Exprimem-se nas chamas douradas do fogo no RN o real das prisões e sua ignomínia. Prisões da miséria, como denunciou Loic Wacquant, que são misérias de prisões. Lugares de torturas, maus-tratos, lugares de práticas sádicas de diretores e agentes penitenciários, lugares de castigo, violência, suplício de corpos e almas.

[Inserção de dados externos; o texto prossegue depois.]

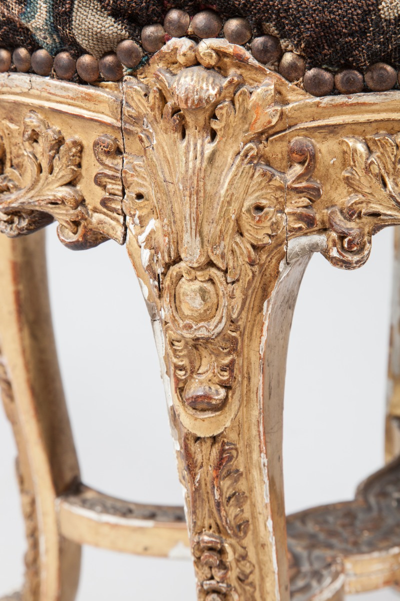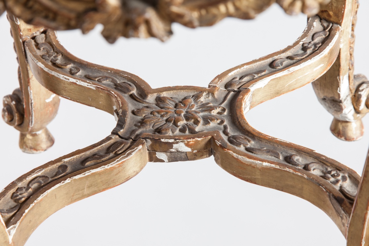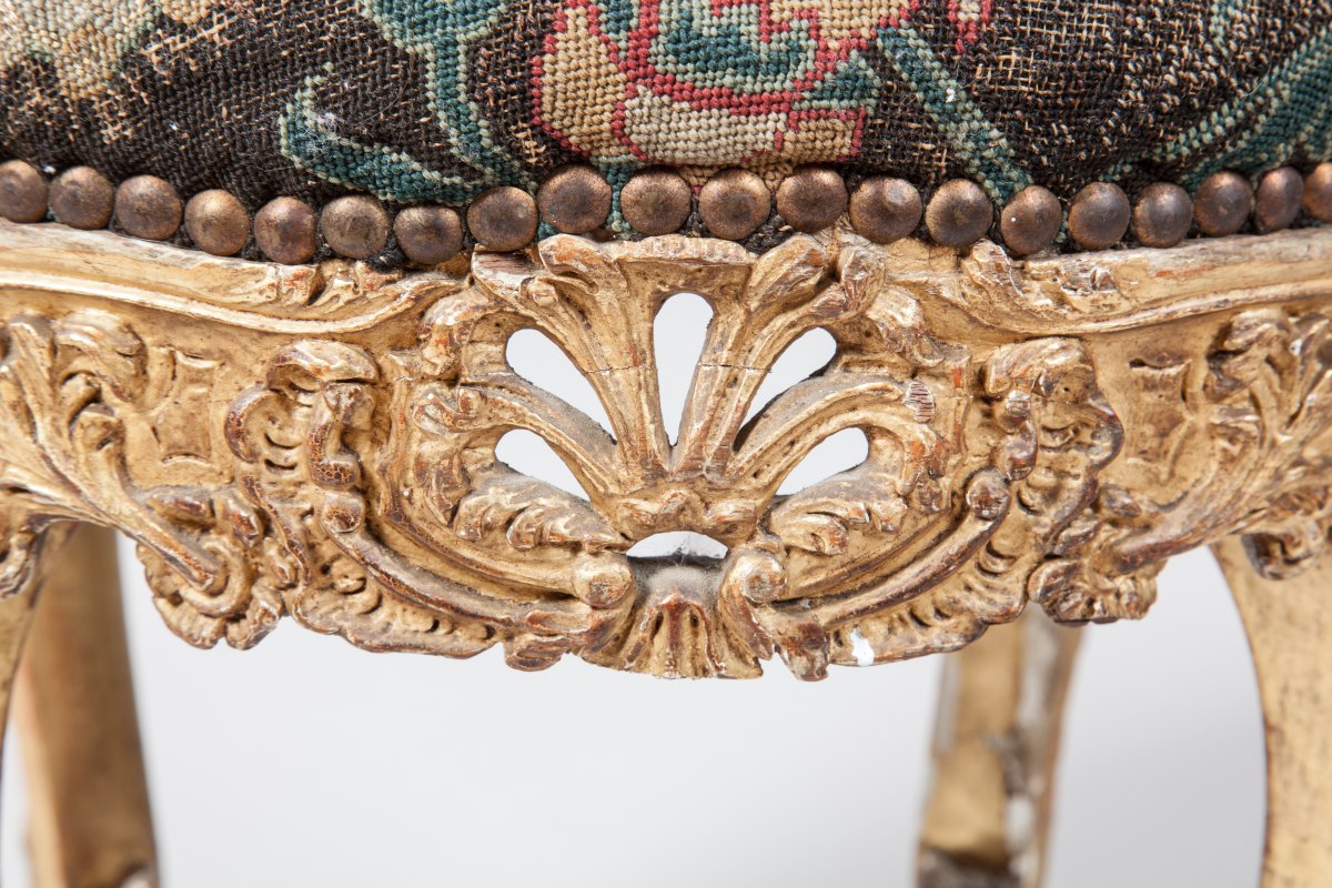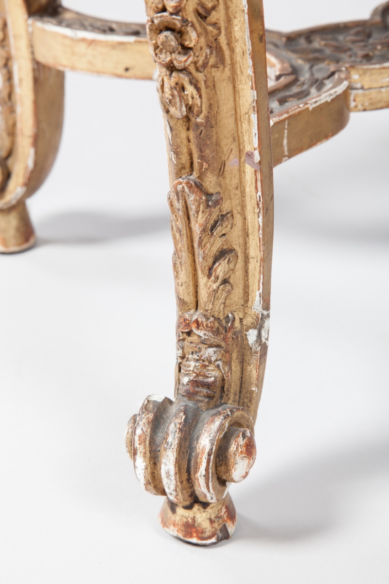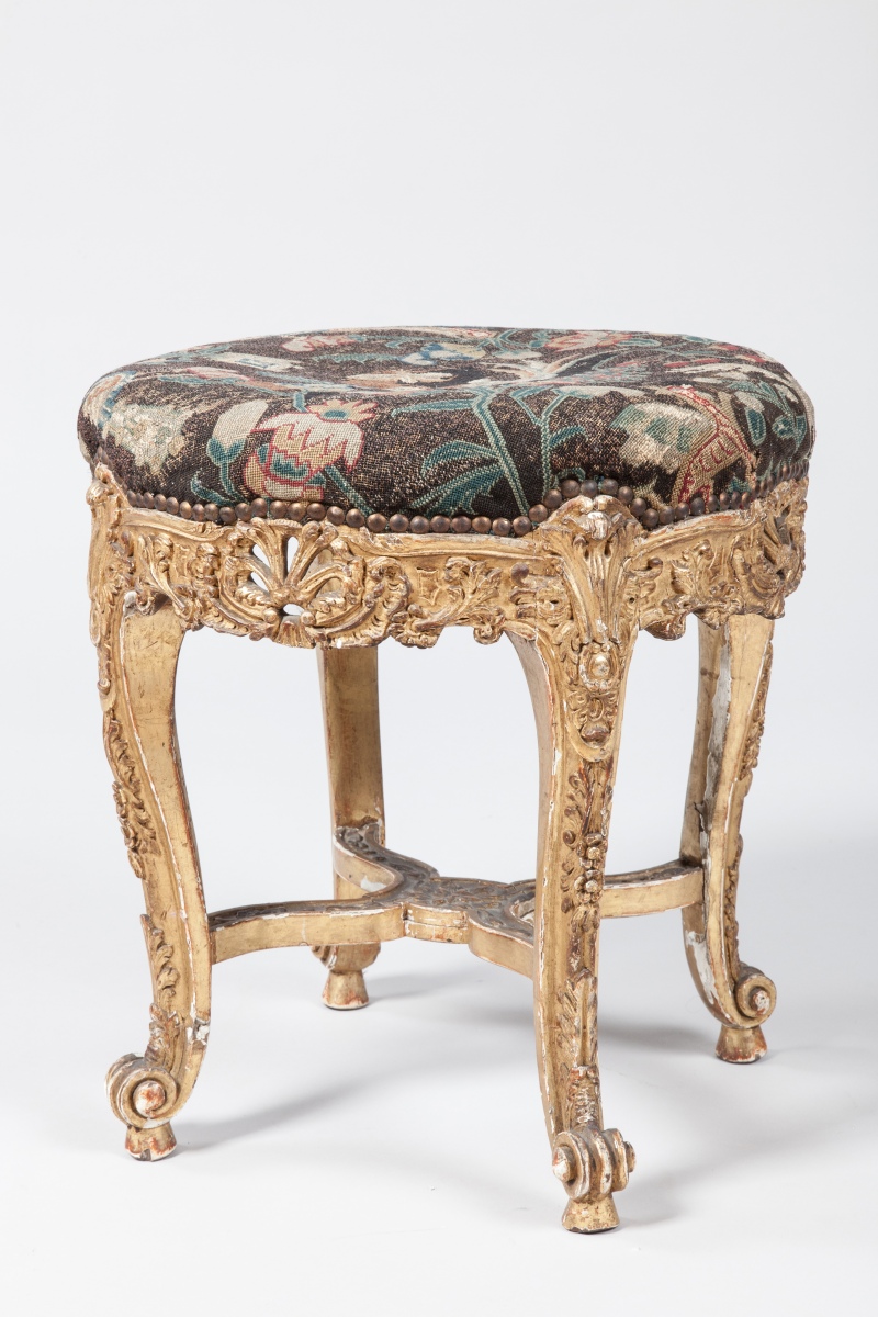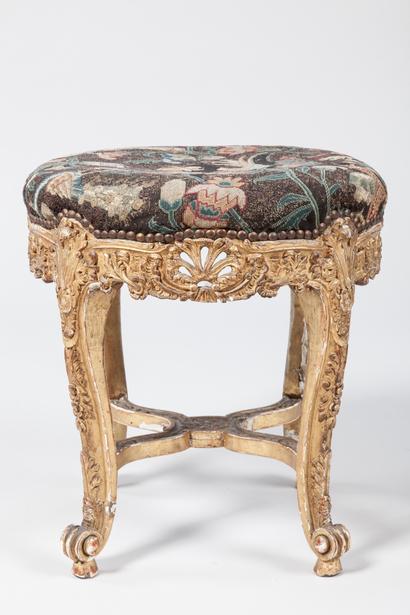 TABOURET en bois mouluré, sculpté et doré reposant sur quatre pieds cambrés reliés par une entretoise en X. Bouts de pieds en escargot. Décor de style rocaille de coquilles ajourées, feuilles d'acanthe et enroulements feuillagés.

Tudo feito com a cumplicidade da sociedade e do Estado (e cada um daqueles que ocupam as funções públicas em governos que se sucedem), como se as prisões (até quando existam!) não fossem tão somente o lugar do cumprimento de penas de privação de liberdade, mas lugares para castigar, fazer sofrer e humilhar aqueles que nelas chegam.

Nas chamas quentes que sobem empurradas pelo ar, como carregando súplicas aos céus, manifesta-se o real da degradação, do sofrimento e da dor de nossos presos e presas, destituídos de sua humanidade dentro e fora dos cárceres…. O real em sua aparição, como espectros, assustando hipócritas, assustando aqueles que nunca voltaram seus pensamentos e olhares para as prisões como lugares que requerem cuidados, condições dignas de habitação, negociações com seus habitantes provisórios; sim, negociações: que querem os detidos? Quais são suas reivindicações? Quais podem ser atendidas?  O que podemos fazer para que nossos cárceres não sejam a forma atual dos calabouços medievais?

“A revolta atual no RN tem como causa a instalação de bloqueadores de celulares” Que piada… Quem quiser que acredite nisso! O jovem francês Étienne de la Boétie, em seu Discurso da Servidão Voluntária, escreveu: “o próprio povo tolo inventa suas mentiras para acreditar nelas”. Direi aqui: o poder inventa suas mentiras para acreditar nelas! Pois bem, como ensinou Lacan, lição do seu campo específico que aqui integro à minha deriva, o Real insiste! Retorna sempre! “O que é recusado na ordem simbólica ressurge no Real”… Algo mais lúcido se pensarmos o que aí se diz em termos de sociedade ou, de outro modo dito, em termos das relações entre a realidade instituída, legitimada, celebrada como “a” realidade, e o real, tido por impossível, não-representável? Se o Real (lacaniano) é o impossível da palavra, direi, na minha deriva, o real é o impossível em termos dos significantes e significados instituídos, o real é, pois, o que foi barrado/foracluído pela ordem instituída como o impossível, o impensável. Mas, se é verdadeiro que “os significantes foracluídos do simbólico retornam no real”, as palavras, sentimentos e pensamentos não ouvidos de nossos delinquentes e bandidos (ah, como o poder e a mídia amam esses termos!) retornarão sempre através de gestos, delírios, alucinações, loucuras, potencializados ou não pelas drogas, mas, sem dúvida, fundados antes na ira, no ódio e no ressentimento do desamparo social.

O real aí está: nas ruas, tocando fogo em tudo! E não adianta mais repressão, mais polícia, exército nas ruas. Espetáculo que surtirá o efeito do pouco tempo que durará. O real, quanto a ele?, retorna sempre, insiste, resiste! O real, em seu delírio, é pleno, todo, poderoso, destemido, astucioso.

Alipio Sousa Filho é cientista social e professor da Universidade Federal do Rio Grande do Norte (UFRN).